Exploring the interplay of electron density distribution and electrostatic potential in the interaction of nilutamide and flutamide with androgen receptors using quantum crystallography

Abstract

Prostate cancer is a malignant disease commonly found in men. Androgens support the growth and survival of prostate cancer cells. To control this growth and the spread of cancer cells, anti-androgen drugs are necessary to block androgen activity. Effective blocking of androgens depends mainly on the structure, intermolecular interactions and charge density distribution, electrostatic potential (ESP) and binding affinity of drug molecules. Nilutamide (NIL) and flutamide (FLU) are two structurally related non-steroidal anti-androgen drugs (NSAAs) which exhibit serious side effects.
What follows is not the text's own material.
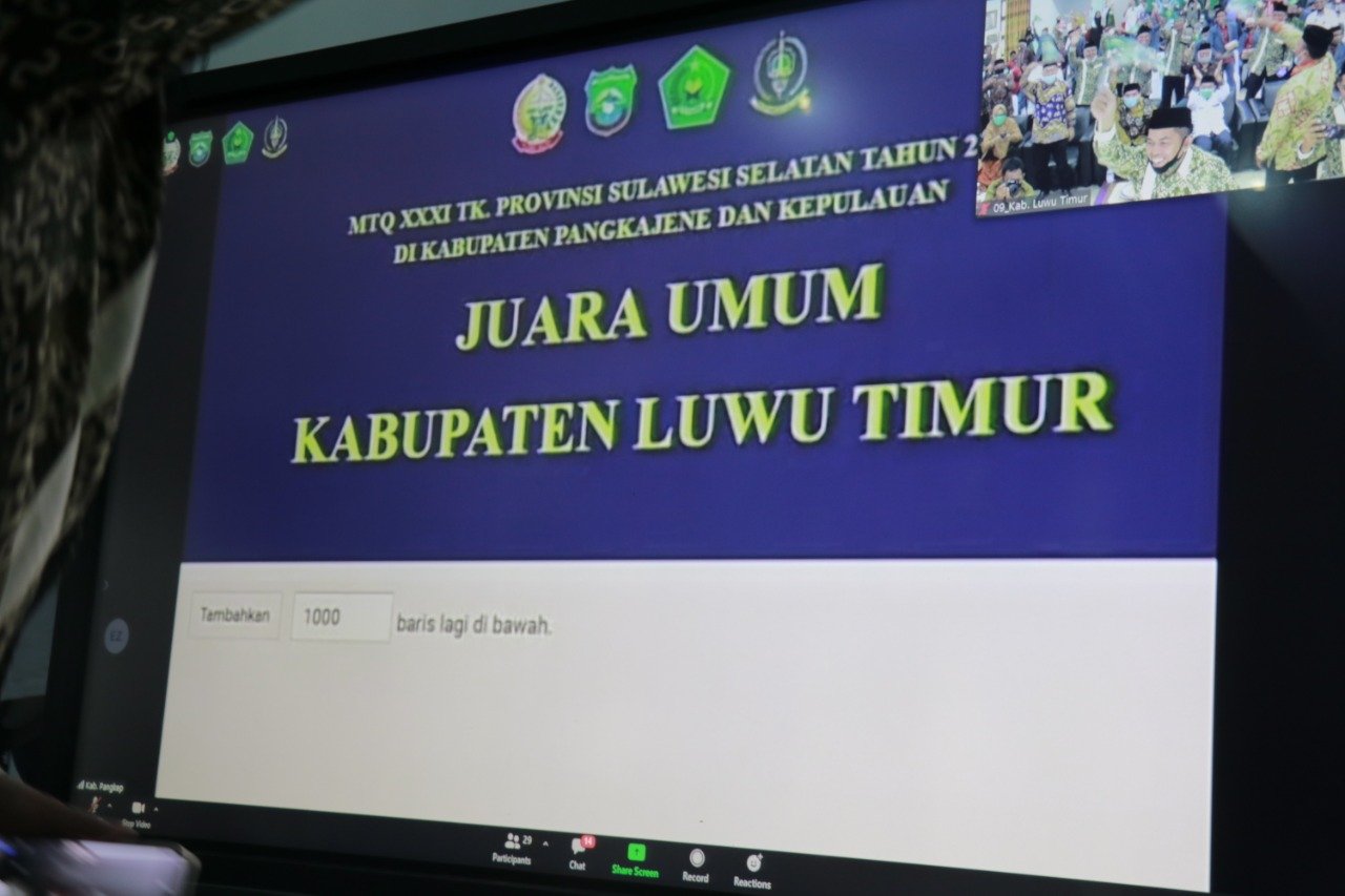 MTQ XXXI secara virtual tingkat Sulsel Tahun 2020 di Kabupaten Pangkajene dan Kepulauan tersebut resmi ditutup oleh Wakil Gubernur Sulawesi Selatan, Andi Sudirman Sulaiman. Khusus di Kabupaten Luwu Timur, penutupan tersebut diikuti oleh Bupati Luwu Timur, H. Muhammad Thoriq Husler didampingi Ketua LPTQ Lutim, H, Amran Syam, Sekda, H. Bahri Suli, kepala OPD lingkup Pemkan Lutim, dan para peserta MTQ Kabupaten Luwu Timur.

The present study explores the charge density distribution, electrostatic potential and intermolecular interactions of NIL and FLU determined from a high-resolution X-ray diffraction experiment and a solid-state quantum chemical theoretical study. Topological analysis of charge density reveals the electron density at the bond critical points of chemical bonds and intermolecular interactions. The electrostatic potential derived from the charge density distribution of both molecules in the crystal has been mapped, which allows a prediction of how the electrostatic interactions, hydrogen bonds, and van der Waals forces govern the binding of these two drug molecules with the androgen receptor at the electronic level. The ESP of interacting groups of both molecules in the androgen active site is approximated to the ESP of those groups in the crystals. The charge density distribution and the electrostatic potential of both molecules were compared. The difference in charge density is reflected in the ESP of NO₂, CF₃ and NH groups and the aromatic ring of both molecules, which is important for drug binding, metabolic stability and toxicity. A molecular docking simulation of both molecules with androgen receptors shows the difference in interactions and binding affinity in the binding pocket of the androgen receptor. The results of the high-resolution X-ray experiment and the advanced computational charge density study of NIL and FLU allows us to understand drug binding and is useful to relate their differing biological effects and toxicities at the electronic level. This information pertains to the design of a new potential androgen inhibitor with improved binding affinity and fewer side effects.